[Supplied material Boundary: Start]
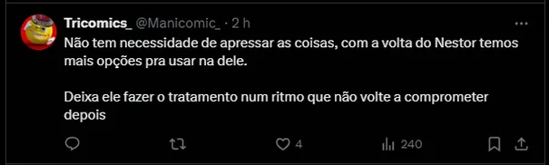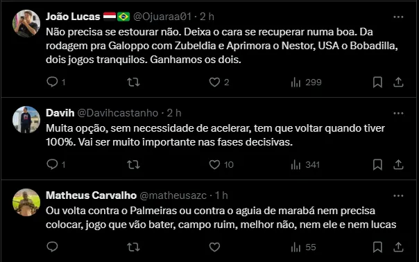 Ainda conforme publicado pelo Felipe Ruiz, James Rodríguez espera estar disponível no clássico diante do Palmeiras. Caso não tenha tempo, almeja retornar na Copa do Brasil, contra o Águia de Marabá.
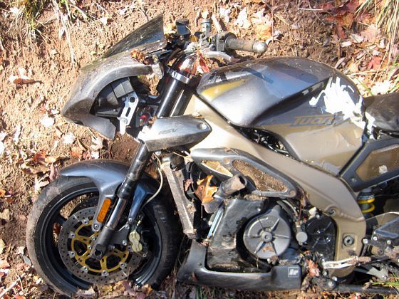 My bike fell over, yours slid;; I'd hardly call that even pumpkin.
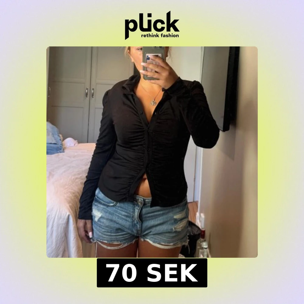 Snygg svart skjorta från SHEIN i storlek M. Modellen har lång ärm, klassisk krage och knappar framtill. Skjortan har en cool rynkad detalj längs knappraden som ger en trendig look. Materialet känns mjukt och stretchigt, perfekt för att styla med jeans eller kjol.
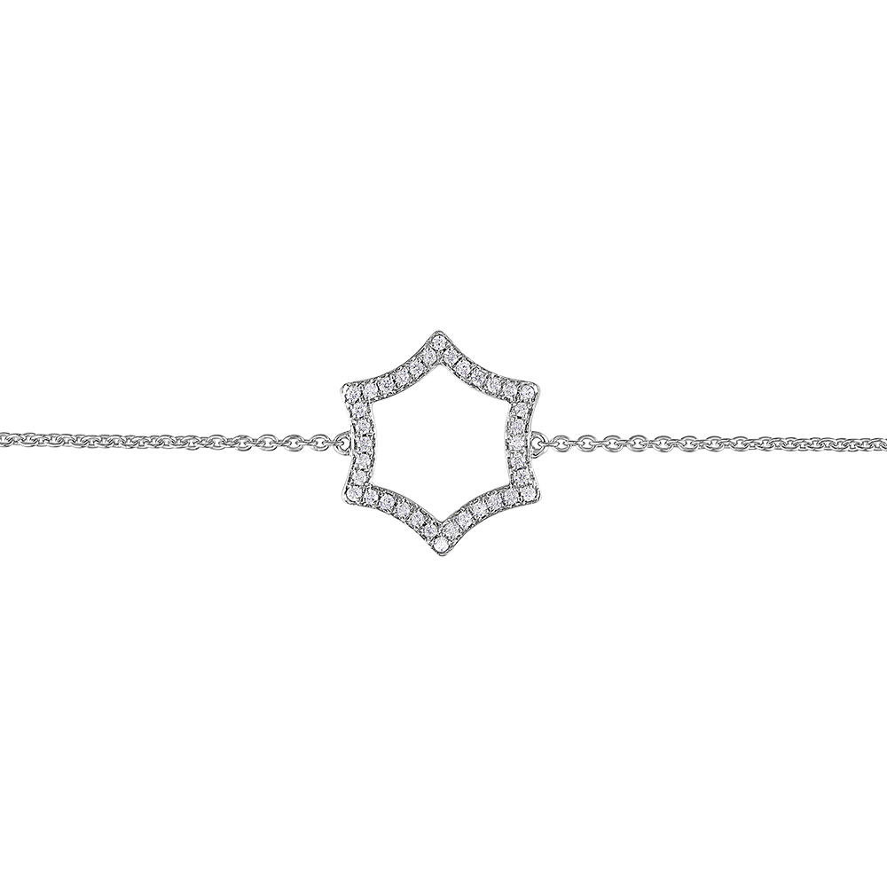 Un braccialetto a catena sottile e femminile, esaltato da un motivo a stella con un delicato pavé di diamanti. Braccialetto di lunghezza regolabile : 18cm, 17cm, 16cm.
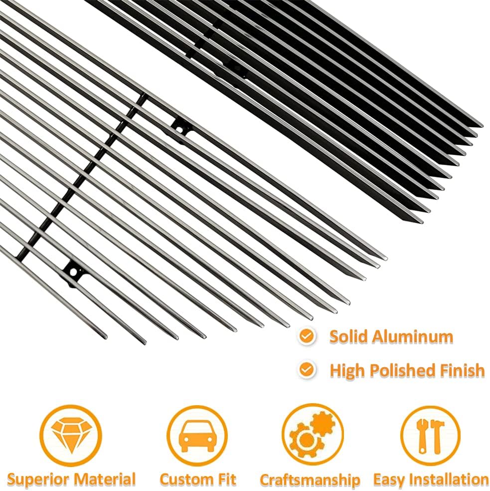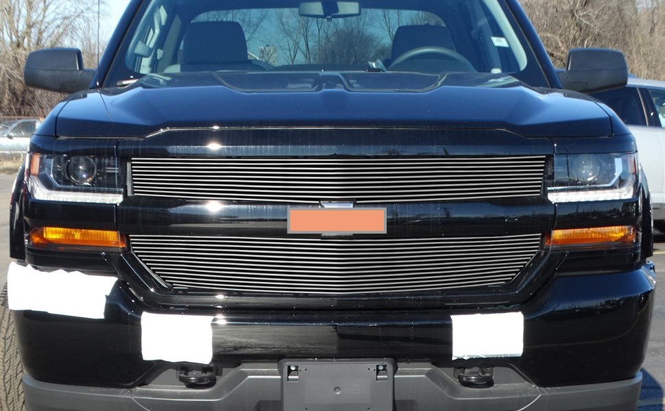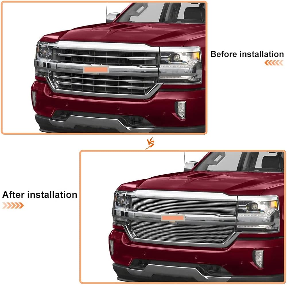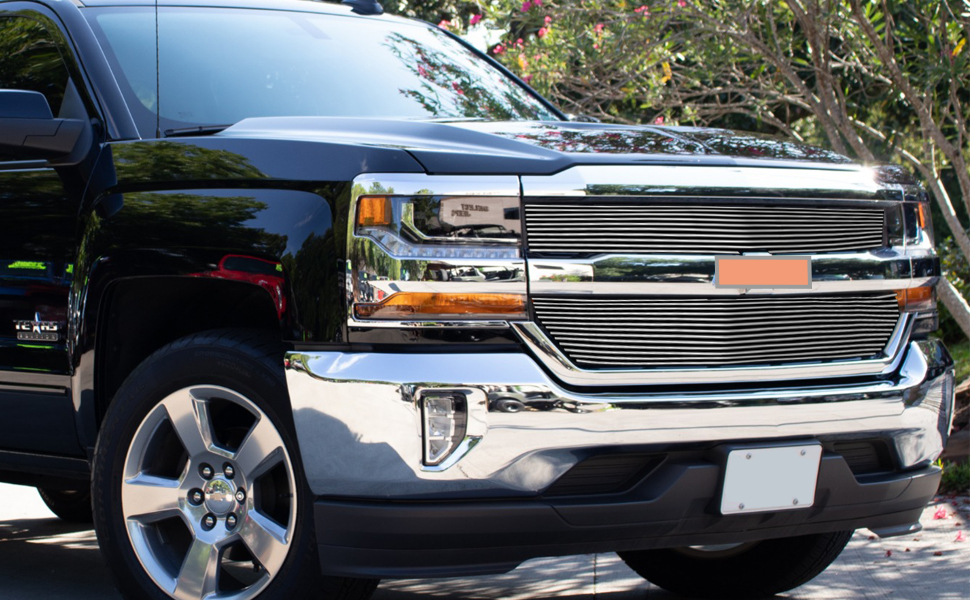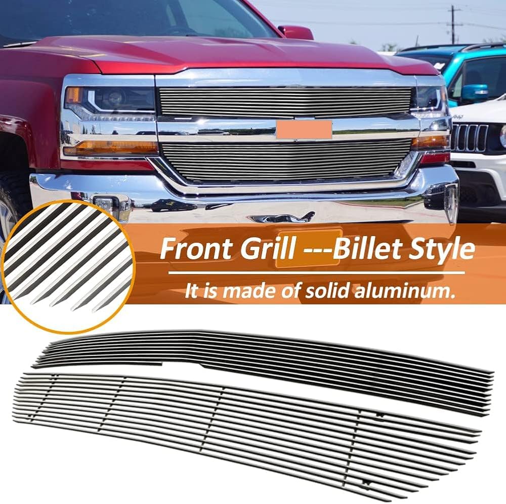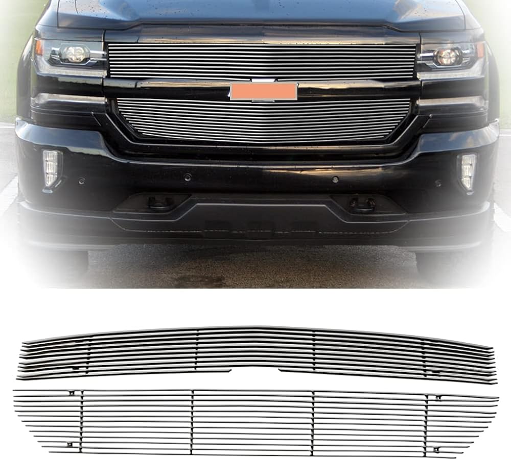 مجموعة إدراج الشبكة الأمامية المصقولة المتوافقة مع 2016-2018 Chevy Silverado 1500 (16 17 18 Silverado 1500) و2019 Silverado 1500 LD من الألومنيوم الرئيسي العلوي للشواية على النمط
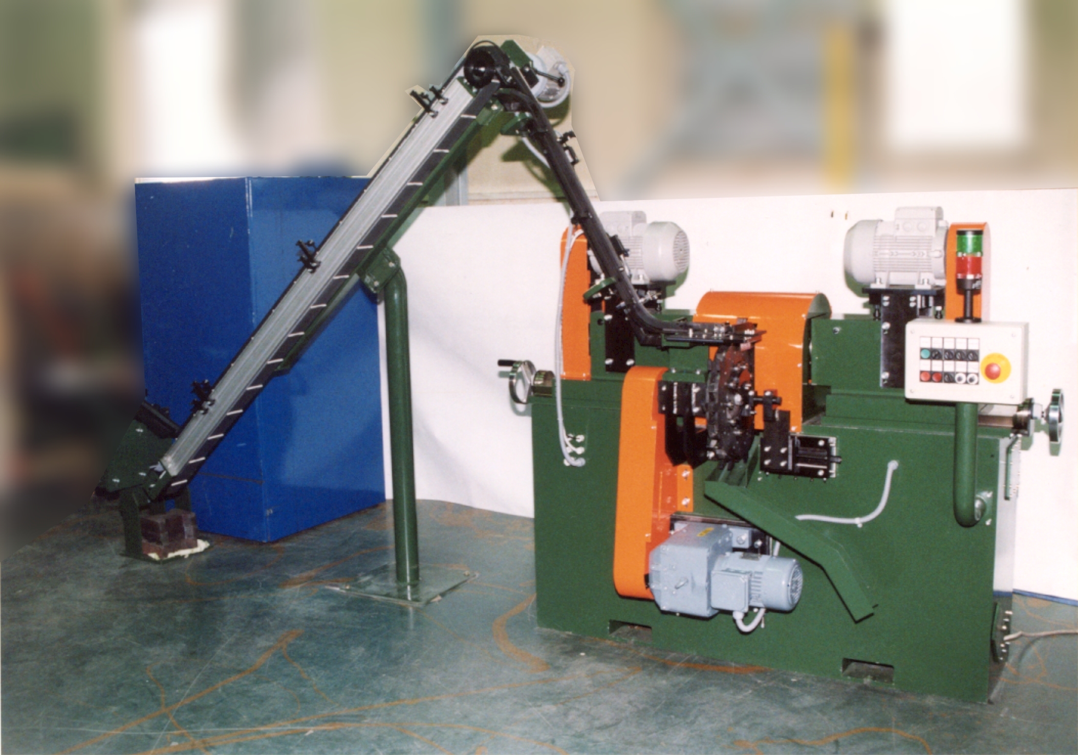 The machine is intended for simultaneous final machining of the two brush surfaces defining the “r” dimension of the brush. The machine is located on the end of line for machining four sides of the brush body.
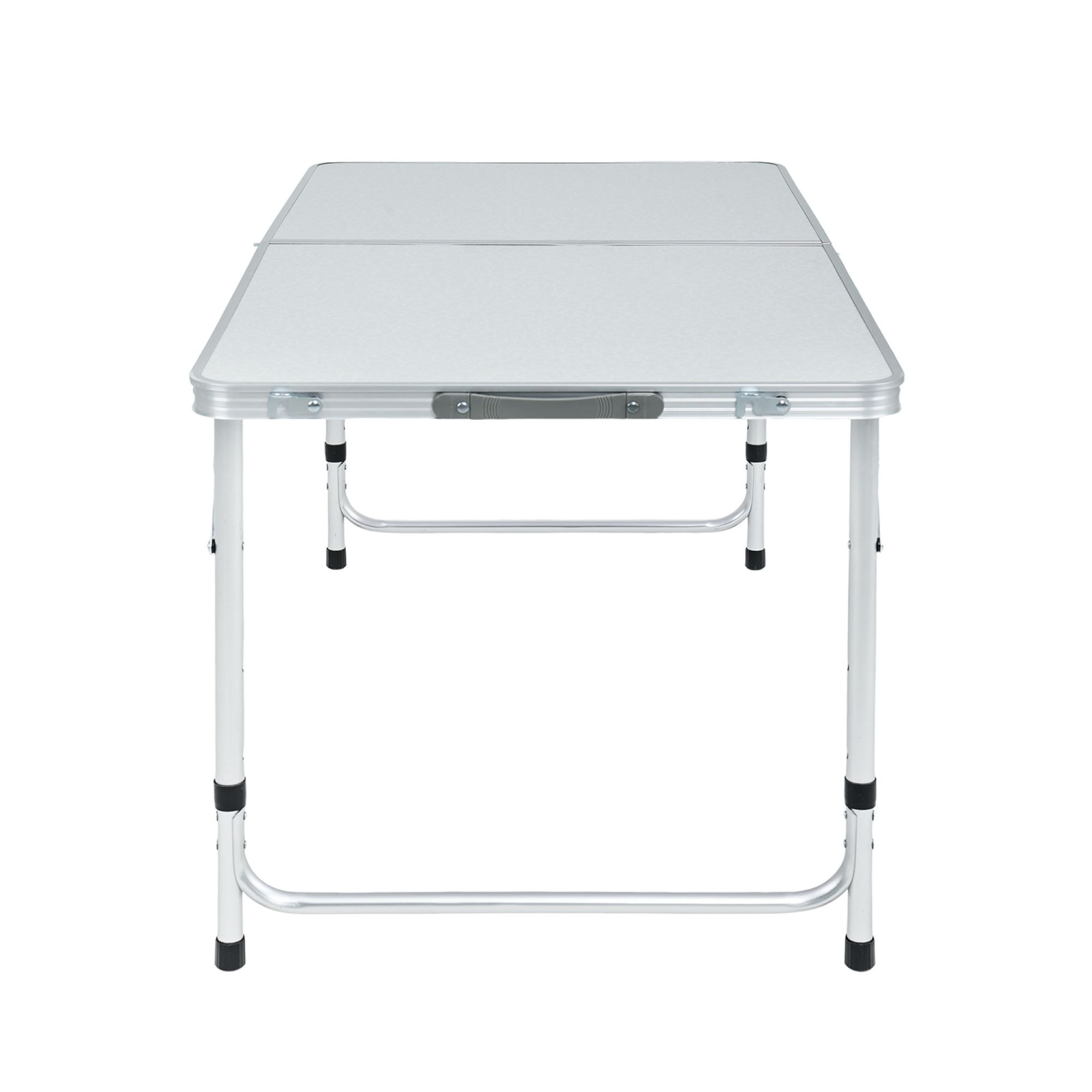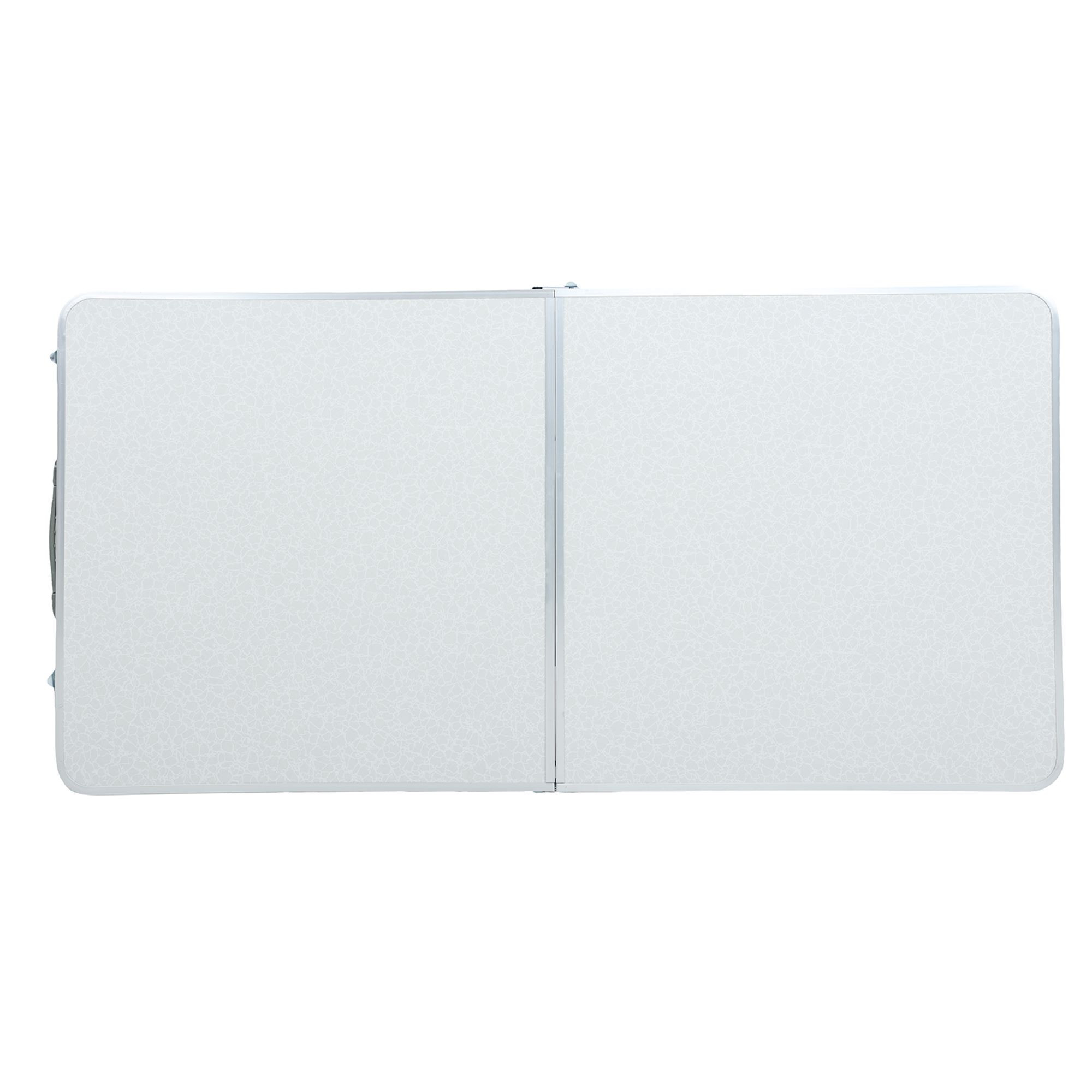 - Matériaux de qualité : Le plateau de la table est en MDF blanc avec une optique marbre, tandis que le châssis de la table est en aluminium avec une poignée de transport. Les chaises sont fabriquées en polyester Oxford 600D résistant et une structure métallique d'un diamètre de 18 mm.
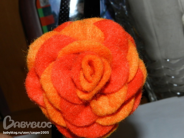 С фетром в этом плане работала впервые, поэтому взяла фетр попроще, чтоб не жалко было. Хотела две резиночки, но розы получились абсолютно разные, поэтому вышли ободок и резиночка (типа комплект)
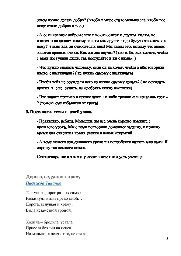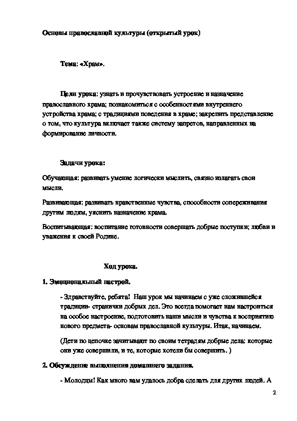 Развивающая: развивать нравственные чувства, способности сопереживания другим людям, уяснить назначение храма.
[Supplied material Boundary: End]
What to work on
Retype the data above as given, letting no picture into the copy.

Solution to this exercise
 Ainda conforme publicado pelo Felipe Ruiz, James Rodríguez espera estar disponível no clássico diante do Palmeiras. Caso não tenha tempo, almeja retornar na Copa do Brasil, contra o Águia de Marabá.
 My bike fell over, yours slid;; I'd hardly call that even pumpkin.
 Snygg svart skjorta från SHEIN i storlek M. Modellen har lång ärm, klassisk krage och knappar framtill. Skjortan har en cool rynkad detalj längs knappraden som ger en trendig look. Materialet känns mjukt och stretchigt, perfekt för att styla med jeans eller kjol.
 Un braccialetto a catena sottile e femminile, esaltato da un motivo a stella con un delicato pavé di diamanti. Braccialetto di lunghezza regolabile : 18cm, 17cm, 16cm.
 مجموعة إدراج الشبكة الأمامية المصقولة المتوافقة مع 2016-2018 Chevy Silverado 1500 (16 17 18 Silverado 1500) و2019 Silverado 1500 LD من الألومنيوم الرئيسي العلوي للشواية على النمط
 The machine is intended for simultaneous final machining of the two brush surfaces defining the “r” dimension of the brush. The machine is located on the end of line for machining four sides of the brush body.
 - Matériaux de qualité : Le plateau de la table est en MDF blanc avec une optique marbre, tandis que le châssis de la table est en aluminium avec une poignée de transport. Les chaises sont fabriquées en polyester Oxford 600D résistant et une structure métallique d'un diamètre de 18 mm.
 С фетром в этом плане работала впервые, поэтому взяла фетр попроще, чтоб не жалко было. Хотела две резиночки, но розы получились абсолютно разные, поэтому вышли ободок и резиночка (типа комплект)
 Развивающая: развивать нравственные чувства, способности сопереживания другим людям, уяснить назначение храма.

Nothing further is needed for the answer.